Cloud-Based NLP Services<br> 
1. IBM Watson<br>
2. Google Cloud Natural Language API
3. Amazon Comprehend
4. Microsoft Azure

## How to Install NLTK?

### Method (i) Command Line
pip install nltk<br>
import nltk<br>
nltk.download()

### Method (ii) Anaconda Navigator (Environment)
![Installation of NLTK library](NLTK.png)

### Method (iii) Download Package and Place into Site-package directory
Install nltk toolkit from https://sourceforge.net/projects/nltk/<br>
![Installation of NLTK library](nltk_package.png)
<br>Locate the package into site-package directory <br>
(to find the path:<br> import site <br>site.getsitepackages())


In [None]:
import site
site.getsitepackages()

# Method 1

In [None]:
pip install nltk

In [None]:
import nltk
nltk.download()

## Sample Text Data

Consider this sentence:
<br>**Hi Mr. Smith! I am going to buy some vegetables (3 tomatoes and 3 cucumbers) from the
store. Should I pick up some black-eyed peas as well?**

Text data is messy and unstructured. To analyze this data, we need to preprocess the text.


![](https://i.imgur.com/pt5p6Hb.png)

# Code: Tokenization (Words)

In [None]:
from nltk.tokenize import word_tokenize

my_text = '''Hi Mr. Smith! I am going to buy some vegetables (3 tomatoes and 3 cucumbers)
from the store. Should I pick up some black-eyed peas as well?'''

print(word_tokenize(my_text)) # print function requires Python 3

# Code: Tokenization (Sentences)

In [None]:
from nltk.tokenize import sent_tokenize

my_text = '''Hi Mr. Smith! I am going to buy some vegetables (3 tomatoes and 3 cucumbers)
from the store. Should I pick up some black-eyed peas as well?'''

print(sent_tokenize(my_text))

![](https://i.imgur.com/3L6x92C.png)

# Code: Remove Punctuation

In [None]:
import re # Regular expression library
import string

#Replace punctuations with a white space
s = re.sub('[^\w\s]','',my_text)
s

#OR
clean_text = re.sub('[%s]' % re.escape(string.punctuation), ' ', my_text)  # string.punctuation is a string defined in the string module of Python. It contains all the punctuation characters: !"#$%&'()*+,-./:;<=>?@[\]^_{|}~`.
clean_text

# Code: Make All Text Lowercase

In [None]:
clean_text = s.lower()
clean_text

# Code: Remove Numbers

In [None]:
# Removes all words containing digits
clean_text = re.sub('\d', '', clean_text)  #\d is a special sequence in regular expressions that matches any digit (0-9).
clean_text

# <font color='blue'>Preprocessing: Stop Words</font>

![](https://i.imgur.com/T5RJXrX.png)

# Code: Stop Words

In [None]:
from nltk.corpus import stopwords
set(stopwords.words('english'))

# Code: Remove Stop Words

<a href="https://scikit-learn.org/stable/modules/generated/sklearn.feature_extraction.text.CountVectorizer.html">CountVectorizer</a>

In [None]:
from sklearn.feature_extraction.text import CountVectorizer
import pandas as pd

my_text = ["Hi Mr. Smith! I’m going to buy some vegetables \
(3 tomatoes and 3 cucumbers from the store. Should I pick up some black-eyed peas as well?"]
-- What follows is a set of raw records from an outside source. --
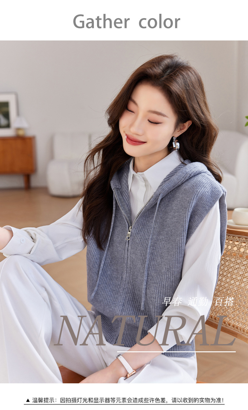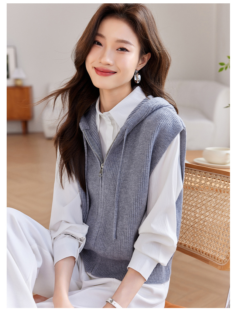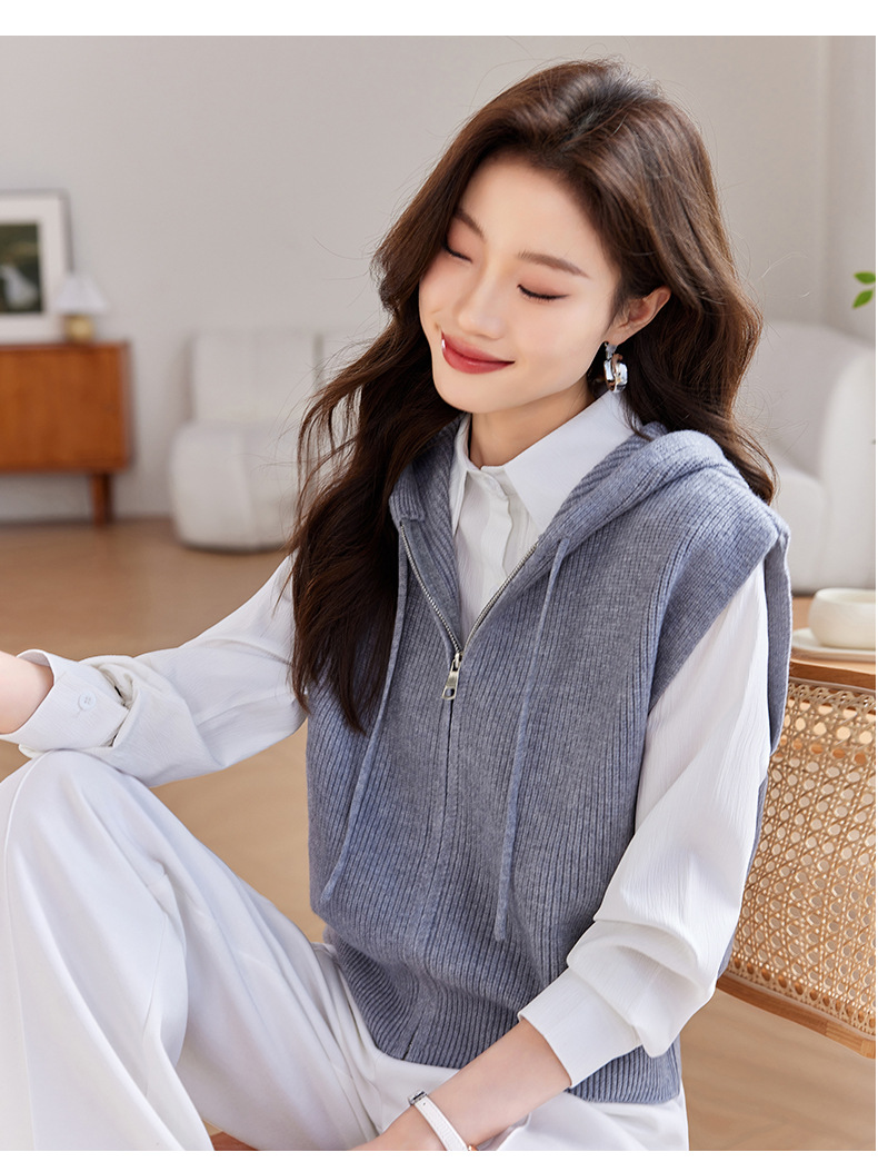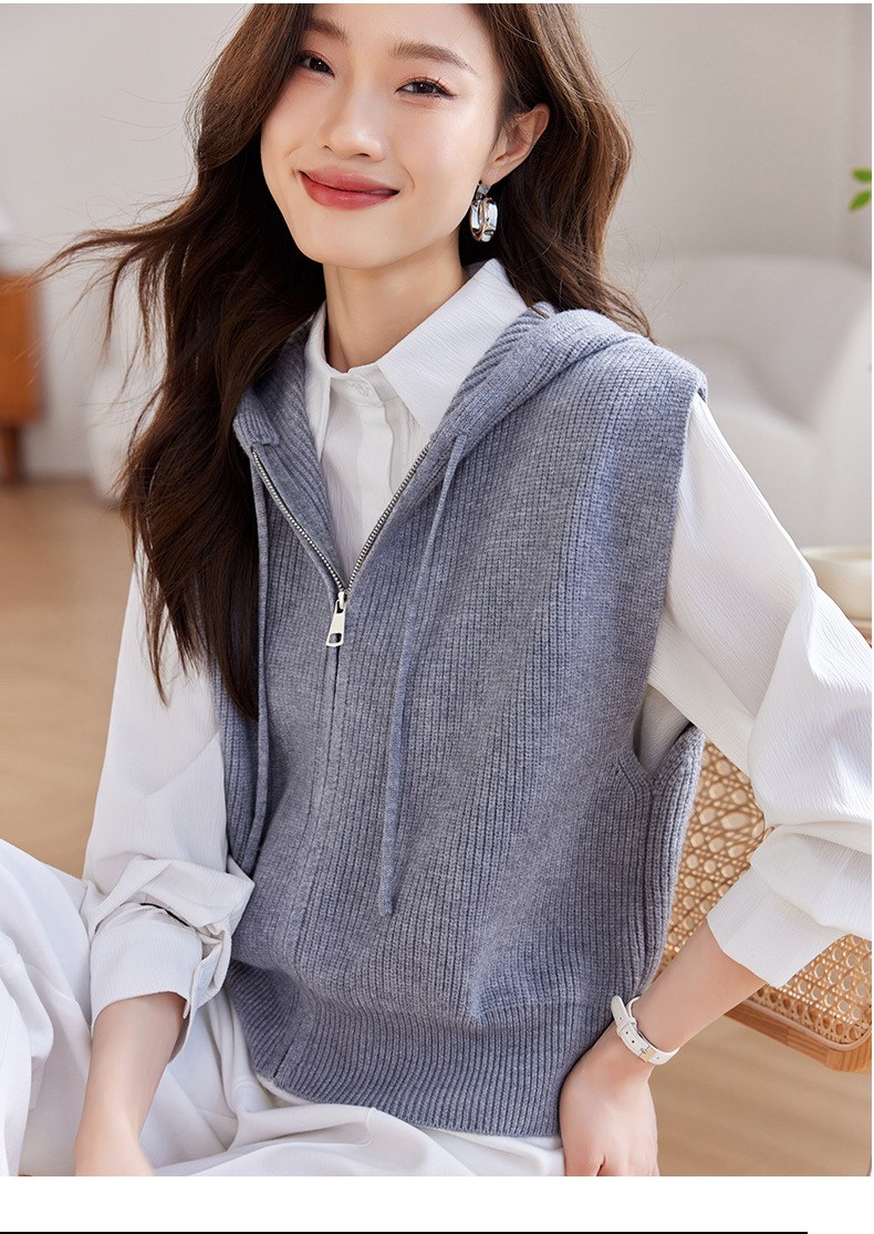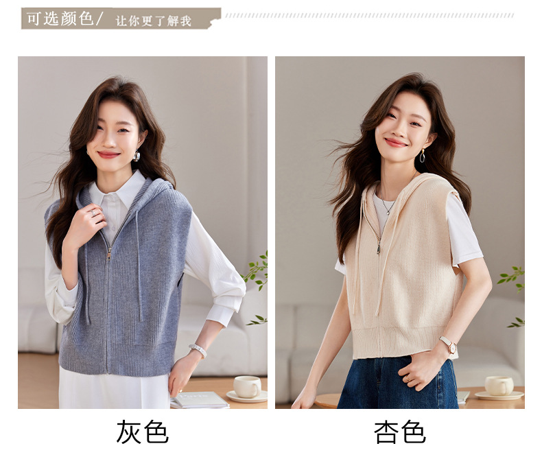 连帽拉链针织马甲,短款外穿坎肩无袖高腰毛衣CC-J-501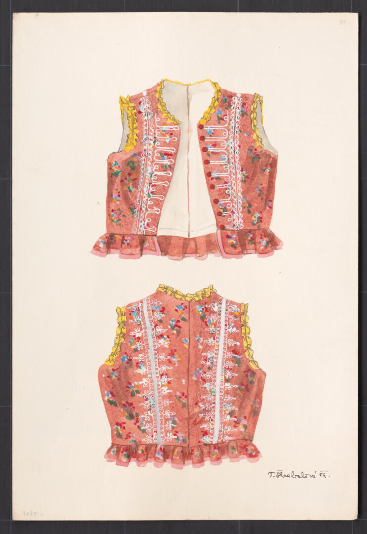 Súbor kresieb, ktoré sa nachádzajú v zbierke Múzea ľudovej umeleckej výroby, obsahuje najmä návrhy ženských denných a spoločenských šiat, tiež blúz. Súčasťou návrhov sú stručné popisy udávajúce materiál, strih a výzdobu odevov. Na zhotovenie šiat boli navrhované prírodné tkaniny – bavlnené, ľanové i hodvábne materiály.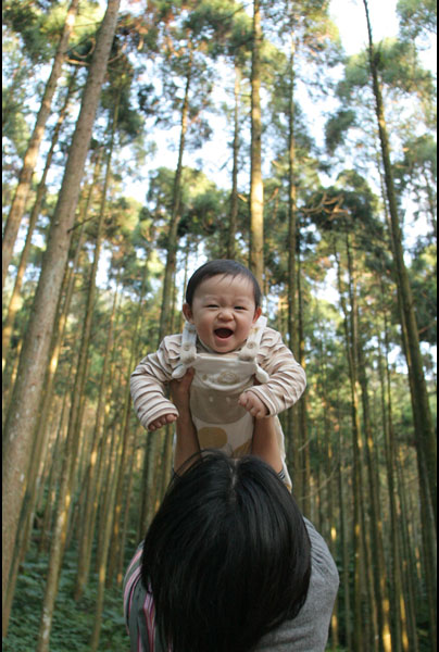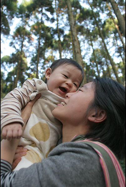 愛撒嬌,會爬到把拔馬麻身上趴著微微笑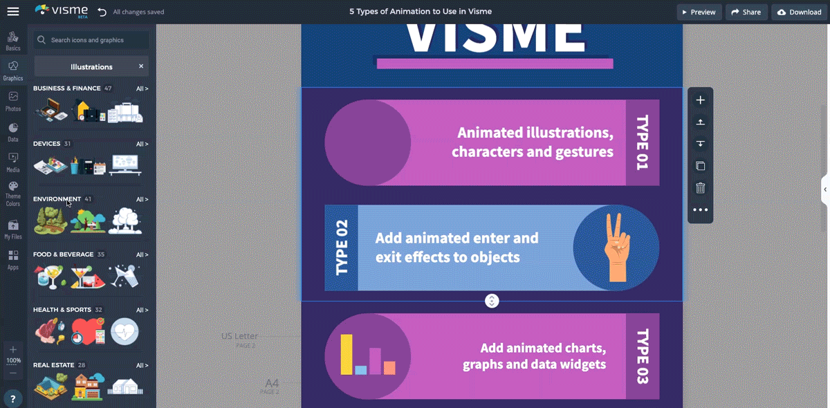 В проекты, созданные в Visme, можно добавить различные анимированные элементы,

# Incorporate stop words when creating the count vectorizer
cv = CountVectorizer(stop_words='english')
X = cv.fit_transform(my_text)  # this equavalent to X=CountVectorizer(stop_words='english').fit_transform(my_text)
print (X)
pd.DataFrame(X.toarray(), columns=cv.get_feature_names_out())

# Reference: https://www.geeksforgeeks.org/difference-between-pandas-vs-numpy/
# self learn pandas: https://www.w3schools.com/python/pandas/pandas_intro.asp
# self learn numpy: https://www.w3schools.com/python/numpy/numpy_intro.asp

The process of using CountVectorizer.fit_transform involves the following steps:

(1)Tokenization: The text documents are first tokenized, breaking them into individual words or tokens.
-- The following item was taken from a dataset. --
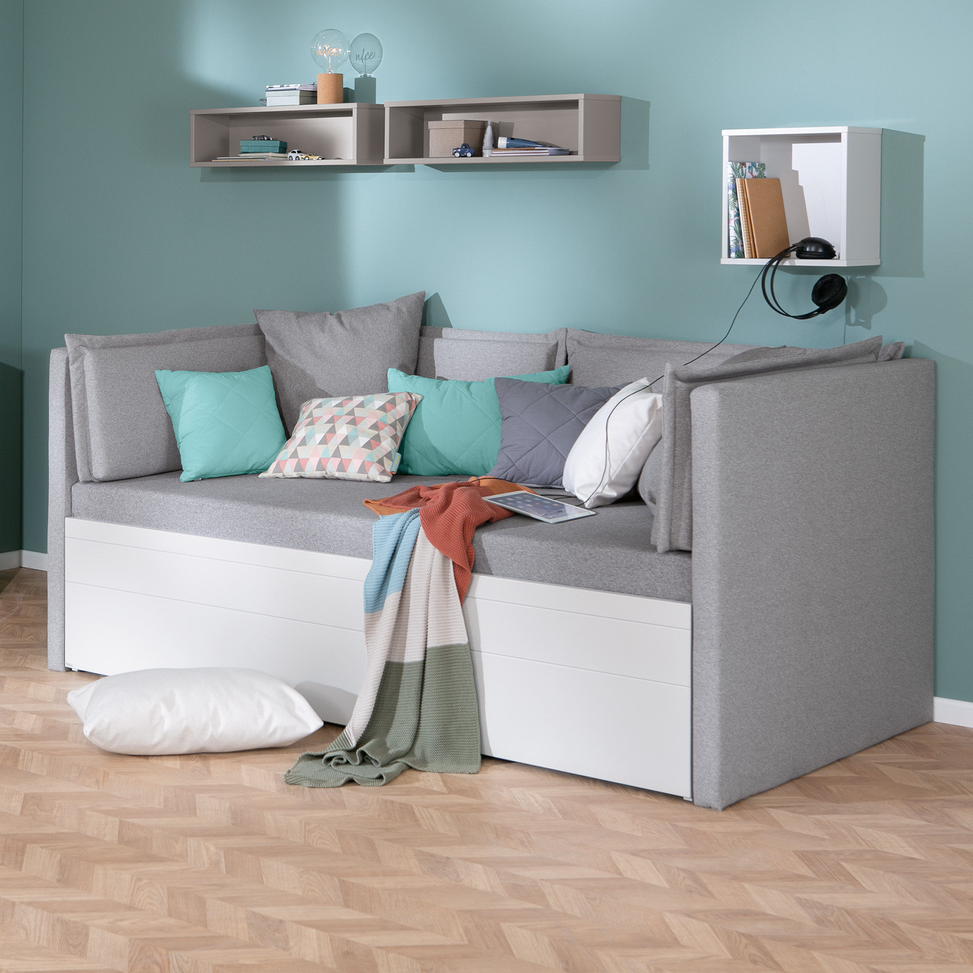 Universalliege Flynn - Flexible Lösung fürs Kinderzimmer und Jugendzimmer: Die Universalliege, die nicht nur Liege, sondern auch Sofa und Doppelbett sein kann. Sofa, das wenig Platz braucht. Als einfache Liege oder mit Kissen und Rückenrollen als Sofa braucht Flynn nur einen Platz von 200 x 100 cm. Weil die Universalliege ein niedriges Haupt hat, passt sie auch gut unter Dachschrägen. Mit einem einfachen Handgriff kann man die Liege hervorziehen und hochklappen. Die gleiche Höhe macht Flynn zu einem komfortablen Doppelbett mit einer Liegefläche von 200 x 198,5 cm.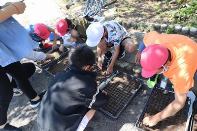 昼休みには、環境・園芸委員会の5,6年生が、花壇に植える花の種まきをしてくれました。ありがとうございました。

(2)Vocabulary Building (fit): CountVectorizer builds a vocabulary, which is a dictionary mapping each unique word (or token) in the documents to an integer index.

(3)Counting (transform): It then counts the occurrences of each word in each document and stores these counts in a sparse matrix, where rows represent documents, and columns represent the vocabulary words. Each element of the matrix represents the frequency of the corresponding word in the respective document.

![](https://i.imgur.com/9qllh8j.png)

# Code: Stemming

In [None]:
from nltk.stem import LancasterStemmer  #more stem library: https://www.nltk.org/api/nltk.stem.html
stemmer = LancasterStemmer()

# Try some stems
print('drive:{}'.format(stemmer.stem('drive')))
print('drives:{}'.format(stemmer.stem('drives')))
print('driver:{}'.format(stemmer.stem('driver')))
print('drivers:{}'.format(stemmer.stem('drivers')))
print('driven:{}'.format(stemmer.stem('driven')))

# Code: Lemmatization

In [None]:
from nltk.stem import WordNetLemmatizer  # Reference: https://www.nltk.org/api/nltk.stem.wordnet.html
from nltk.tokenize import word_tokenize
lemmatizer=WordNetLemmatizer()

input_str = "been had done languages cities mice"
input_str = word_tokenize(input_str)
for word in input_str:
    print(lemmatizer.lemmatize(word))

![](https://i.imgur.com/8edVsCR.png)

# Code: Parts of Speech Tagging

In [None]:
from nltk.tag import pos_tag
nltk.download('punkt')
nltk.download('averaged_perceptron_tagger')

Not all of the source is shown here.